## [What the task asks]
Write each line below back out exactly, omitting its pictures.

## [Data excerpt]

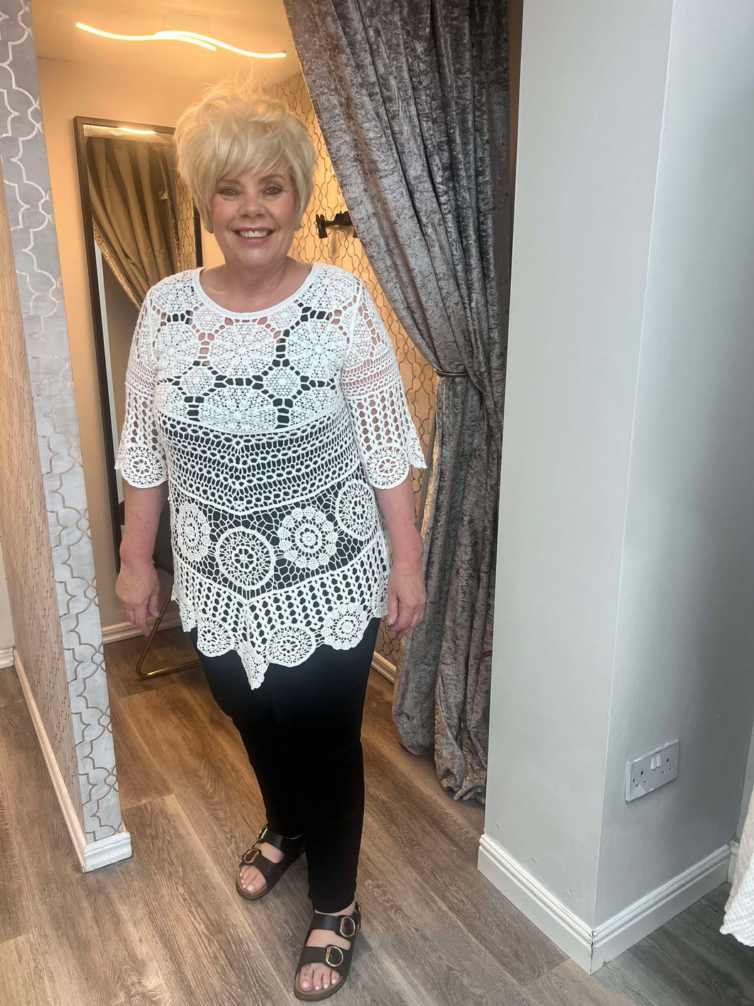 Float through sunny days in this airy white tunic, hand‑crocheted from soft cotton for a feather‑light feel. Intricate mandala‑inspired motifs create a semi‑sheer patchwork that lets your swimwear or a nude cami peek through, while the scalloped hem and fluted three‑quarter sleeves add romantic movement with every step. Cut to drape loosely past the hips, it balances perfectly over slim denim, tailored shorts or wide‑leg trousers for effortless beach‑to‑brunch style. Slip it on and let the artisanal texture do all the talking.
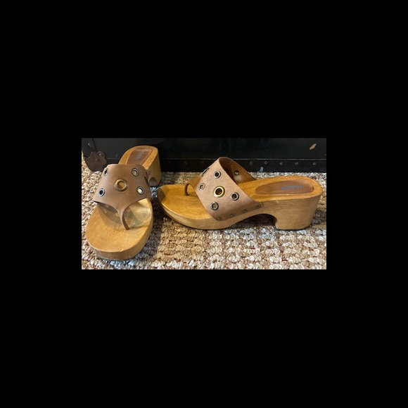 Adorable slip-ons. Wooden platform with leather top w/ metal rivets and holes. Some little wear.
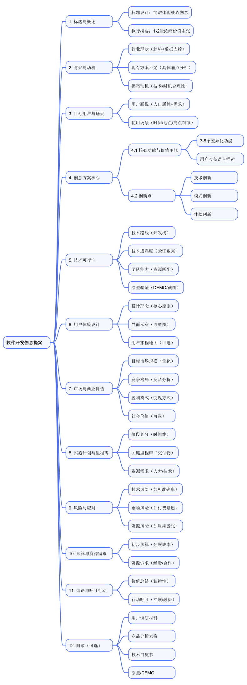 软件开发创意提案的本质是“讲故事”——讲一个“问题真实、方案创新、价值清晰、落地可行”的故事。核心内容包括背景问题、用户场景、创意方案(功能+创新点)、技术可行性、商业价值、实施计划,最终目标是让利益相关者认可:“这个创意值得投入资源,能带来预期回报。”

## [Exercise answer]
 Float through sunny days in this airy white tunic, hand‑crocheted from soft cotton for a feather‑light feel. Intricate mandala‑inspired motifs create a semi‑sheer patchwork that lets your swimwear or a nude cami peek through, while the scalloped hem and fluted three‑quarter sleeves add romantic movement with every step. Cut to drape loosely past the hips, it balances perfectly over slim denim, tailored shorts or wide‑leg trousers for effortless beach‑to‑brunch style. Slip it on and let the artisanal texture do all the talking.
 Adorable slip-ons. Wooden platform with leather top w/ metal rivets and holes. Some little wear.
 软件开发创意提案的本质是“讲故事”——讲一个“问题真实、方案创新、价值清晰、落地可行”的故事。核心内容包括背景问题、用户场景、创意方案(功能+创新点)、技术可行性、商业价值、实施计划,最终目标是让利益相关者认可:“这个创意值得投入资源,能带来预期回报。”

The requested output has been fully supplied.